The statement said that economic growth has been expanding moderately but the Fed would like to see further improvements in the labor market and can be reasonably confident that inflation is moving back to its 2% target in the medium term before it would be appropriate to raise the target range of the federal funds. Although no clues were provided as to when the Fed expects this would be achieved, the projections signalled two rate increases in 2015, with the median forecast of interest rates at the end of 2015 to be 0.625%.
The dollar was steadier in Asian trading after falling against major currencies in US session. The euro retreated from a high of 1.1374 earlier in the day to 1.1346 in late Asian session. The pound also gave up some of its gains and was trading at 1.5813. But against the yen, the dollar continued to drift lower and was down at 123.02.
One exception against the dollar weakness was the kiwi, which reversed earlier gains to head sharply lower to 0.6893. This came after first quarter GDP data showed that the New Zealand economy grew by just 0.2%, against forecast of 0.6%, raising expectations that the central bank will cut interest rates again at its July meeting.

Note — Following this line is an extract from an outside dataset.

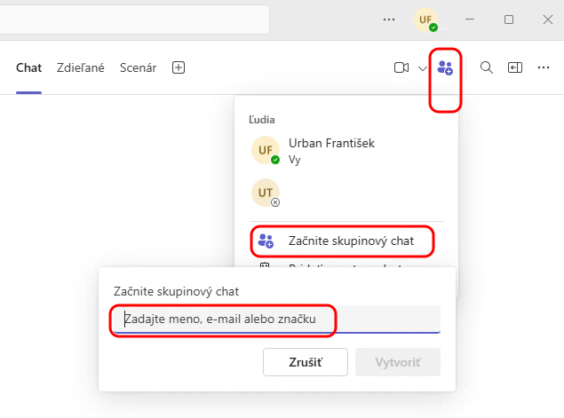 Alternatívnym postupom je, že všetkých najprv pozvete do textového chatu a hovor zahájite až následne. Postupujte ako v predošlom prípade a v rámci okna programu Teams vyberte akýkoľvek existujúci kontakt a otvorte jeho okno s textovou komunikáciou. Následne v pravom hornom rohu kliknite na ikonku dvoch postavičiek so znamienkom plus, ktorá sa nachádza napravo od ikonky slúchadla/kamery. Ak ju kliknutím otvoríte, uvidíte v nej ponuku – Zahájiť skupinový chat. Kliknite na ňu a písaním do poskytnutého vyhľadávacieho políčka napíšte toľko mien, koľko uznáte za vhodné a klikaním ich postupne pridávajte.

Shares in Asia followed European shares lower on Thursday as markets remain nervous over the outcome of today’s Eurogroup meeting of Eurozone finance ministers. The Bank of Greece issued a warning to the Greek government saying that failure to reach an agreement could lead to a “painful course” of exit from both the Eurozone and the EU. There was some hope of compromise on Wednesday after Greece’s top negotiator said that Greece is willing to make concessions as long as it doesn’t include any further cuts to pensions.
Apart from the Eurogroup meeting on top of investors’ agenda, UK retail sales and US inflation figures for May will be closely watched too. Initial US weekly jobless claims and the Philadelphia Fed Manufacturing index are also published today.